SGConv was motivated by studying S4 as a pure convolutional model, which resulted in an alternative simple way to generate a long convolution kernel with a compressed parameterization.
It is not currently supported in this codebase, but should be straightforward to implement by adding another convolution kernel to [[/src/models/sequence/kernels/kernel.py](/src/models/sequence/kernels/kernel.py)].

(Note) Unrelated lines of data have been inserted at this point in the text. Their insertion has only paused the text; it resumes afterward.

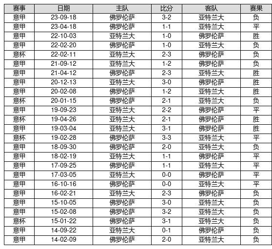 亚特兰大 VS 佛罗伦萨两队近10年的交战次数为25场,亚特兰大6胜7平12负,赢球概率为24%,平局概率为28%,输球概率为48%。
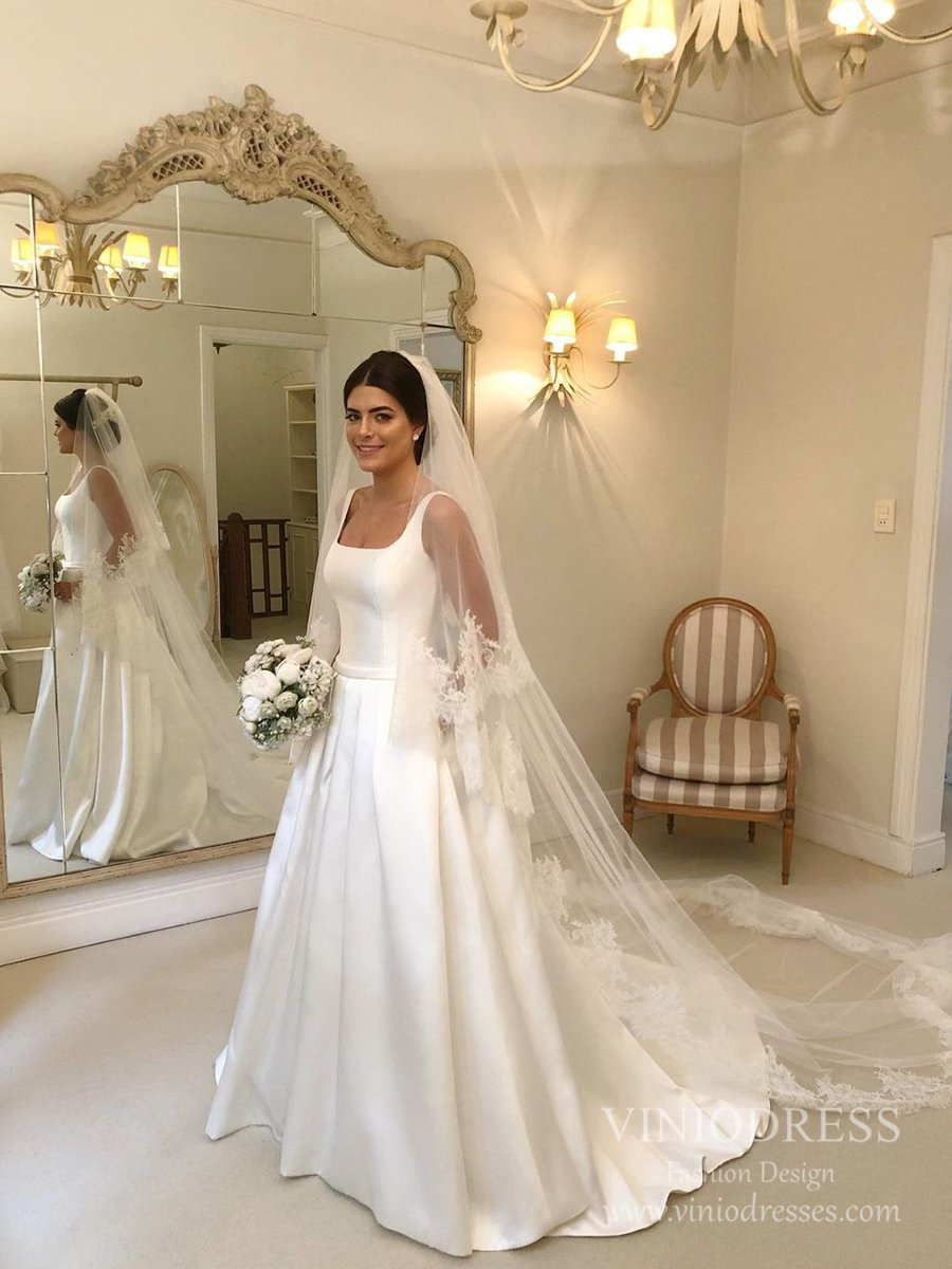 Wide Strap Square Neck Satin Wedding Dresses with Pockets VW1838
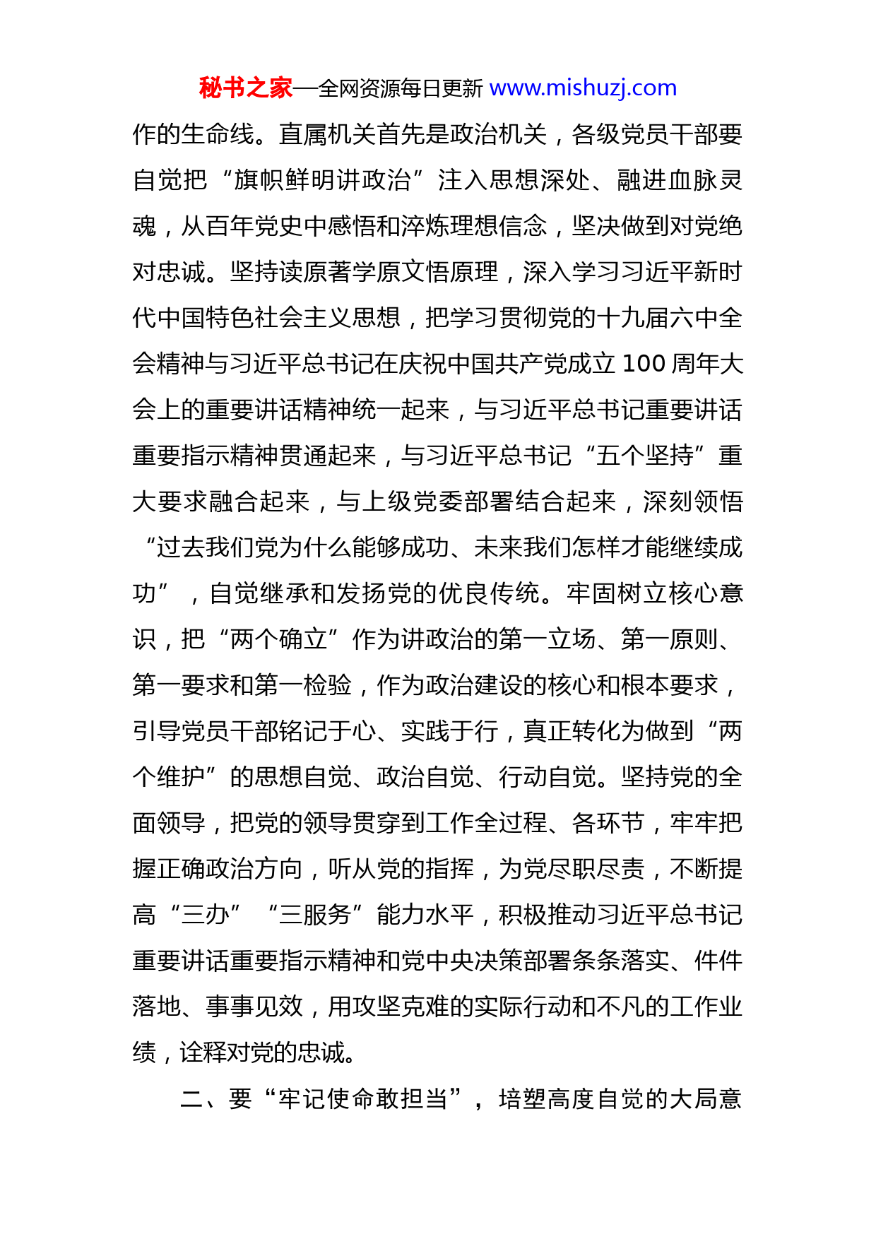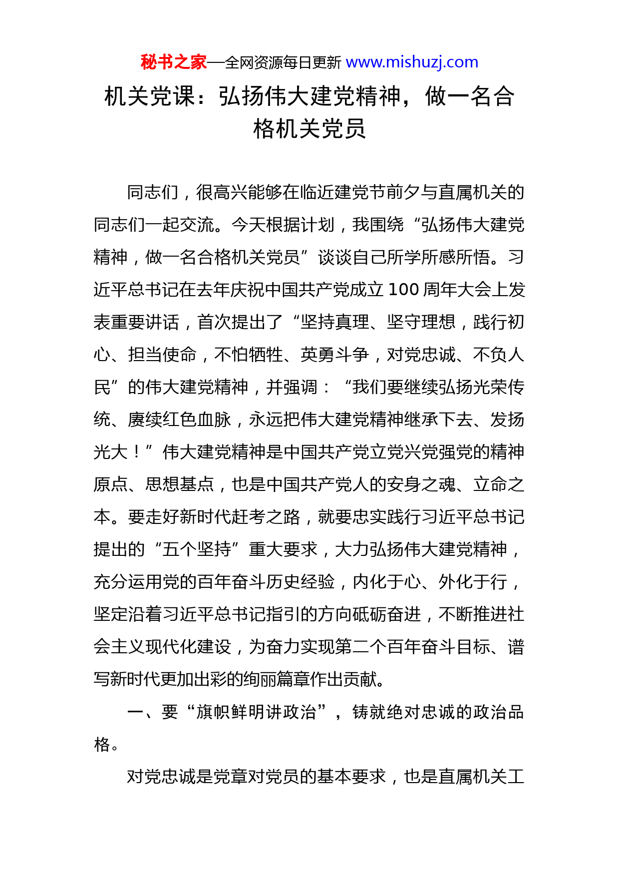 秘书之家—全网资源每日更新www.mishuzj.com机关党课:弘扬伟大建党精神,做一名合格机关党员同志们,很高兴能够在临近建党节前夕与直属机关的同志们一起交流。今天根据计划,我围绕“弘扬伟大建党精神,做一名合格机关党员”谈谈自己所学所感所悟。习近平总书记在去年庆祝中国共产党成立100周年大会上发表重要讲话,首次提出了“坚持真理、坚守理想,践行初心、担当使命,不怕牺牲、英勇斗争,对党忠诚、不负人民”的伟大建党精神,并强调:“我们要继续弘扬光荣传统、赓续红色血脉,永远把伟大建党精神继承下去、发扬光大!”伟大建党精神是中国共产党立党兴党强党的精神原点、思想基点,也是中国共产党人的安身之魂、立命之本。要走好新时代赶考之路,就要忠实践行习近平总书记提出的“五个坚持”重大要求,大力弘扬伟大建党精神,充分运用党的百年奋斗历史经验,内化于心、外化于行,坚定沿着习近平总书记指引的方向砥砺奋进,不断推进社会主义现代化建设,为奋力实现第二个百年奋斗目标、谱写新时代更加出彩的绚丽篇章作出贡献。一、要“旗帜鲜明讲政治”,铸就绝对忠诚的政治品格。对党忠诚是党章对党员的基本要求,也是直属机关工秘书之家—全网资源每日更新www.mishuzj.com作的生命线。直属机关首先是政治机关,各级党员干部要自觉把“旗帜鲜明讲政治”注入思想深处、融进血脉灵魂,从百年党史中感悟和淬炼理想信念,坚决做到对党绝对忠诚。坚持读原著学原文悟原理,深入学习习近平新时代中国特色社会主义思想,把学习贯彻党的十九届六中全会精神与习近平总书记在庆祝中国共产党成立100周年大会上的重要讲话精神统一起来,与习近平总书记重要讲话重要指示精神贯通起来,与习近平总书记“五个坚持”重大要求融合起来,与上级党委部署结合起来,深刻领悟“过去我们党为什么能够成功、未来我们怎样才能继续成功”,自觉继承和发扬党的优良传统。牢固树立核心意识,把“两个确立”作为讲政治的第一立场、第一原则、第一要求和第一检验,作为政治建设的核心和根本要求,引导党员干部铭记于心、实践于行,真正转化为做到“两个维护”的思想自觉、政治自觉、行动自觉。坚持党的全面领导,把党的领导贯穿到工作全过程、各环节,牢牢把握正确政治方向,听从党的指挥,为党尽职尽责,不断提高“三办”“三服务”能力水平,积极推动习近平总书记重要讲话重要指示精神和党中央决策部署条条落实、件件落地、事事见效,用攻坚克难的实际行动和不凡的工作业绩,诠释对党的忠诚。二、要“牢记使命敢担当”,培塑高度自觉的大局意秘书之家—全网资源每日更新www.mishuzj.com识。高度自觉的大局意识是我们党的政治优势,也是开展工作的重大原则。直属机关作为政府工作的“参谋助手”“服务员”“督办员”,机关党员干部要自觉把“国之大者”放在心上、抓在手上,胸怀“两个大局”,牢牢把握新时代新征程的使命任务,始终牢记中国共产党是什么、要干什么这个根本问题。坚持全面贯彻党的基本理论、基本路线、基本方略,始终保持同人民群众的血肉联系,义无反顾担负起党和人民、历史和时代赋予的使命,解放思想、转变观念,加强学习、提高能力,履职尽责、务实重干,立足新发展阶段,贯彻新发展理念,紧抓构建新发展格局战略机遇,聚焦省委、省政府提出的重大改革、重大举措、重大工程决策部署,牵头研究建立“两个确保”指标体系,积极推动“十大战略”工程化、项目化、具体化,把“规划图”变成“施工图”,把学习焕发出来的政治热情和智慧力量转化为推动工作、促进发展的强大动力,推动中央和省委、省政府决策部署落地生根。三、要“知责担责抓落实”,锤炼极端负责的工作作风。极端负责的工作作风是我们党的优良传统,也是直属机关开展工作的根本态度。直属机关肩负着确政令畅通、推动工作落实的重要职责,要牢牢坚持以人民为中心,把秘书之家—全网资源每日更新www.mishuzj.com对上负责和对下负责统一起来,强化服务意识,端正服务态度,提升服务水平,以极端负责的工作态度服务好省委、省政府中心工作和发展大局。大兴调查研究之风,围绕“十大战略”、区域经济发展等事关发展全局的重大战略谋划和群众反映强烈、舆论关注度高的热点难点问题深入开展调查研究,充分发挥参谋作用,为党委组织决策提供高质量建议。搞好信息服务,围绕上级明确的目标任务要求,总结提炼富有特色的亮点经验,收集撰写上报有深度、高质量的信息,及时反映我省工作最新进展、最新成果。抓实精文减会,严格落实文件“十不发”、会议“八不开”负面清单,履行好机关系统精文减会责任,推动各项工作提质增效。加强督查督办,突出工作重点、民生领域堵点,充实加强督查力量,厅级领导带队开展督查,切实增强督查针对性和时效性,着力解决存在的问题。四、要“坚守初心善作为”,发扬无怨无悔的奉献精神。无怨无悔的奉献精神是我们党的宝贵财富,也是直属机关党员干部的价值取向。江山就是人民,人民就是江山。百年党史描绘了一代代共产党人“立党为公、执政为民”的奉献身影,深刻诠释了共产党人扎根群众、依靠群众、服务群众的初心使命。省委号召全体党员干部厚植人民情怀,扎实开展“我为群众

The official repository is at [ctlllll/SGConv](https://github.com/ctlllll/SGConv).

### Mega (ICLR 2023)

> **Mega: Moving Average Equipped Gated Attention**\
> Xuezhe Ma, Chunting Zhou, Xiang Kong, Junxian He, Liangke Gui, Graham Neubig, Jonathan May, Luke Zettlemoyer\
> Paper: https://arxiv.org/abs/2209.10655

Mega introduces a simplification of S4 motivated to look like a vanilla exponential moving average (EMA).
This component is very similar to S4D in that it can be viewed as a diagonal SSM, with some differences in the parameterization (e.g. discretization and initialization).

In addition to the EMA, Mega introduces an efficient attention variant and a DNN block design that combines EMA with attention.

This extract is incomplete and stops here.